Resta Tremonti, resta l"ammucchiata della destra, o meglio la non sinistra, che ambisce a dare un fondamento teorico alle pulsioni che vengono dalla società profonda, al malessere collettivo, allo spirito del tempo che è per l"Occidente un tempo di paura e di incertezze. Si può essere o diventare no-global anche a destra, non in nome e per conto dell"umanità universale ma in difesa delle identità. Se fossimo all"epoca del secolo scorso si direbbe che è alle viste una sorta di “rivoluzione conservatrice” delle società europee, a partire da quella italiana, spaventate e inabili a gestire le tematiche della globalizzazione così come erano state impreparate ai primi del "900 a gestire la società di massa e i pericoli della modernità. Non per nulla nella “summa” ideologica messa a punto da Tremonti nel suo saggio si presenta la globalizzazione ed il disordine che ne sta derivando in tutto il mondo come l"ultimo esito negativo dell"illuminismo e del razionalismo occidentale. Il paradosso è che se ne stiano avvantaggiando la Cina a partito unico e l"India delle caste che pure non hanno mai avuto nulla a che fare con l"illuminismo europeo.

Tremonti arriva ad auspicare per l"Italia e per l"Europa una “visione della vita che non sia materiale ma spirituale, una visione che non escluda Dio e non demonizzi lo Stato”. Sono accenti già sentiti che richiamano altre epoche di crisi. Tutto ritorna, i tempi sono però a tal punto cambiati che forse è venuto il momento di scrollarci l"abitudine di considerarci noi tutti occidentali, compreso Tremonti, l"unico soggetto che pensa alla storia degli altri con i propri parametri.
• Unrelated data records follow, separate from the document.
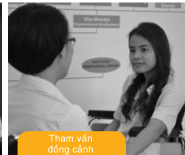
Tham vấn đồng cảnh
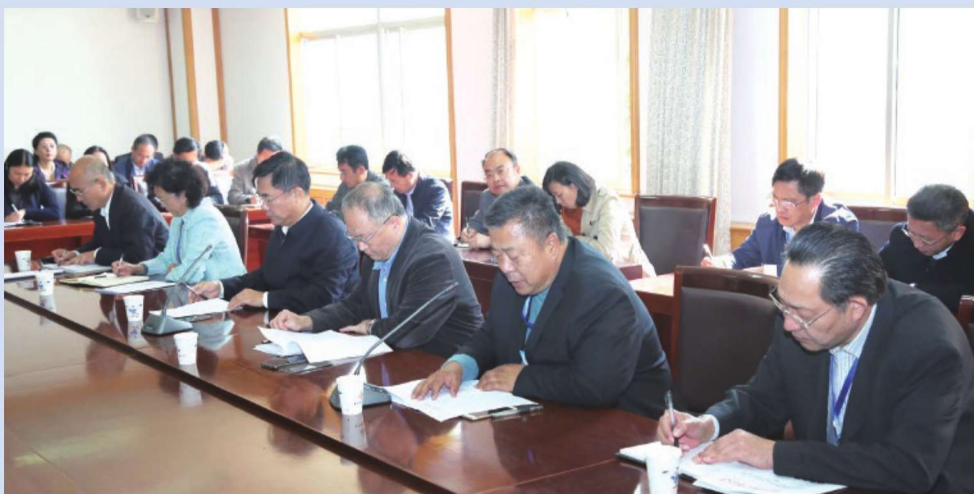
2017年10月31日,学校召开会议部署学习宣传贯彻党的十九大精神工作。
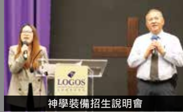
神學裝備招生說明會
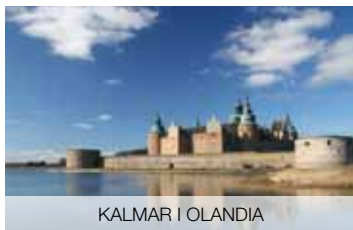
KALMAR I OLANDIA

Poznaj jeden z najbardziej urokliwych regionów Szwecji. Otwórz się na nowe doświadczenia!
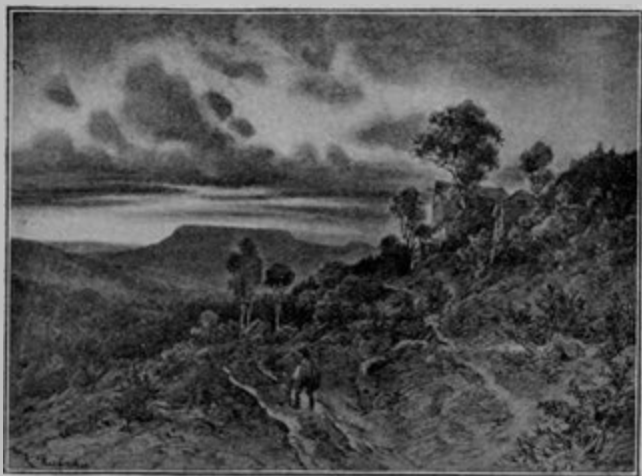
Krajina u Olešnice.

babička i děti učila. Leželo-li na cestě husí peříčko, babička hned na ně ukázala řkouc: »Shýbni se, Barunko!« Barunka byla mnohdy líná a říkala: »Ale, babičko, co pak je o jedno píрко?« Ale z toho ji babička hned kárala: »Pomysli si, holka, sejde se jedno ke druhému, bude jich několik; a to si pamatuj přísloví: Dobrá hospodyňka má pro píрко přes plot skočiti.« 5)
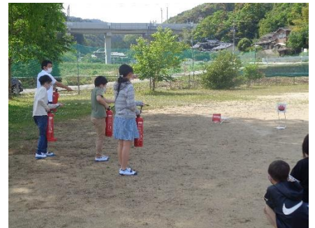
水消火器を使って火に見立てたボードを倒します。
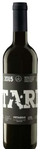
Petardo 50% Garnatxa, 25% Cabernet Franc 13% Merlot, 12% Samsó
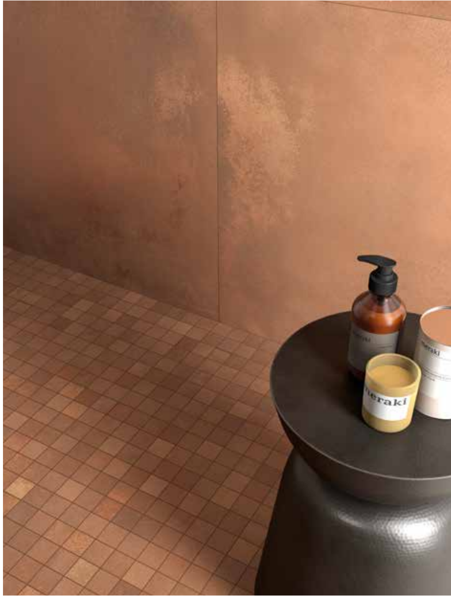
TERRA 90R RM - MK.TERRA 30R
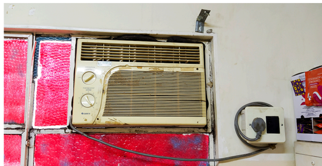
Foto 17 Ar-condicionado antigo
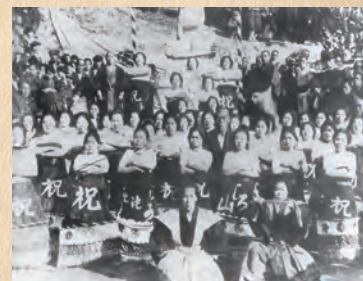
波多津の女すもう （大正11年）
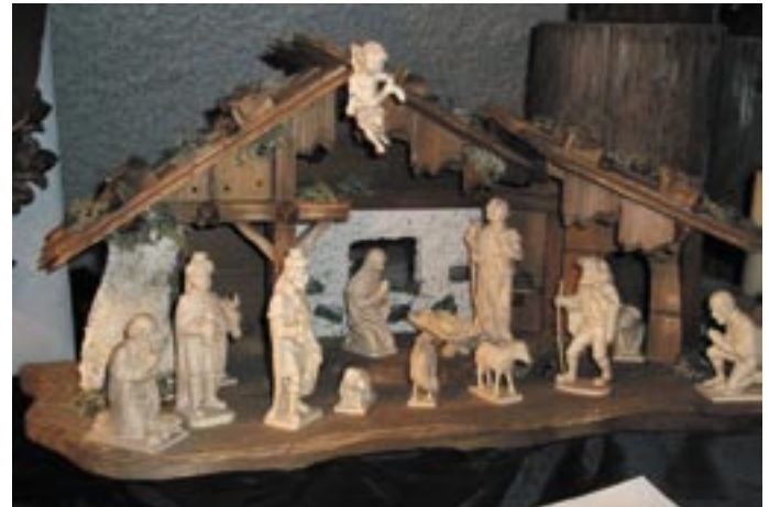
Die Krippenschau ist nicht nur für kleine BesucherInnen ein Erlebnis.

Z ur winterlichen Laternenwanderung wird um 17 Uhr abmarschiert. Um 18 Uhr wird auf dem Marktplatz ein Hirtenspiel aufgeführt, und um 19 Uhr beschließt eine Abendmesse in der Pfarrkirche den ersten Markttag. Bereits um 8 Uhr ist am Sonntag Verkaufsbeginn an den Adventstandln. Am Nachmittag, und zwar um 14 Uhr, haben die Kindergartenkinder ihren großen Auf-
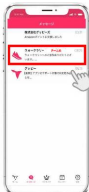
所属しているチームの メッセージをタップ
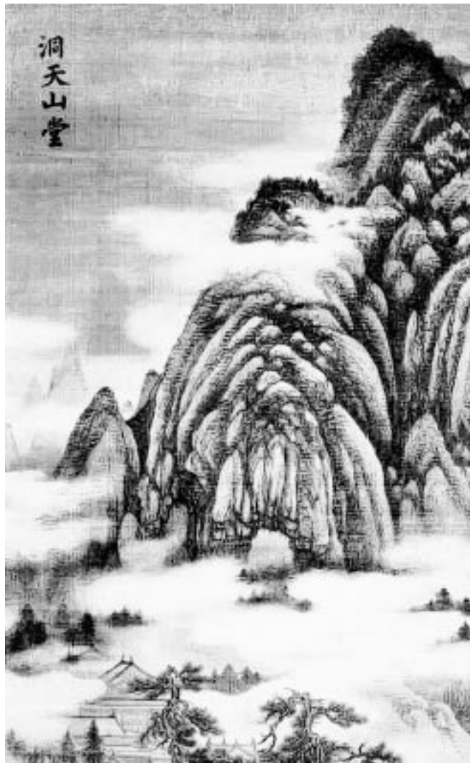
Una de las ilustraciones del libro, con caligrafía en la parte superior

En la China actual, dice Chen, «todavía hoy, políticos, intelectuales y empresarios usan, en sus discursos, versos clásicos»

Altri soggetti pensano a noi e alla nostra storia con le loro idee e le loro pulsioni: non c"è solo l"Islam, c"è il continente cinese, le realtà internazionali emergenti con cui ci troviamo già a fare i conti. Secondo alcuni analisti l"ingresso della Cina nel WTO sta alimentando (in maniera irreversibile?) l"egemonia del colosso asiatico sul resto del mondo. E" quanto paventa lo stesso Tremonti. Non è più l"Occidente a cambiare la Cina, ma sarà Confucio a cambiare l"Occidente?
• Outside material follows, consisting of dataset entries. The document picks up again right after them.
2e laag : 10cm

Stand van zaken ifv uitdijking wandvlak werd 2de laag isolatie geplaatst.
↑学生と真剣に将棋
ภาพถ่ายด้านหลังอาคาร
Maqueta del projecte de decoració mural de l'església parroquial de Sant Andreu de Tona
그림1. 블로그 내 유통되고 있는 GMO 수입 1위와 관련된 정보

L"allarme a lungo termine riguarda il futuro dell"intero Occidente, non della sola Europa o dell"Italia del nord e del sud. Le ricette di Tremonti per reggere la sfida fanno in gran parte riferimento all"Europa, alla necessità della sua integrazione politica oltre che economica, agli errori da non fare perchè la costruzione prosegua verso un federalismo europeo che abbia i mezzi per preservare le nostre radici e il nostro benessere. Viene auspicato, tra l"altro, un programma nucleare europeo, cosa giustissima, per far fronte alla crisi energetica. Ma è sempre più difficile collocare in questo contesto le spinte autonomiste rinverdite dal successo della Lega, o delle Leghe, alle ultime elezioni. Immaginiamo quello che avverrebbe o potrebbe avvenire quando si tratterà di arrivare ad una decisione unitaria per localizzare le centrali nucleari italiane al nord, al centro o al sud dell"Italia o per scegliere i siti di smaltimento delle scorie. Se è già difficile portare avanti un progetto Europa o un “progetto Paese” per l"Italia, diventano ancora più improponibili progetti regionali o macro regionali di difesa delle frontiere dai processi di globalizzazione che presto, se non contrastati, potranno essere a guida asiatica, se non islamica. Ma chi è in grado di opporsi a quello che potrebbe essere possibile se non ineluttabile? Le piccole patrie padane meglio dell"Italia e dell"Europa? E con quali armi? E poi cosa c"è da difendere? Le frontiere della civiltà occidentale, quelle dell"Europa, quella nazionale, quella regionale o quella del campanile? Sta qui la contraddizione fondamentale dell"etno-localismo, di un"Italia a due o tre velocità, che non convince nei tempi delle frontiere cadute. Una tale prospettiva potrebbe solo contribuire a spezzettare ancor più l"Italia del declino senza darle alcuna forza aggiuntiva.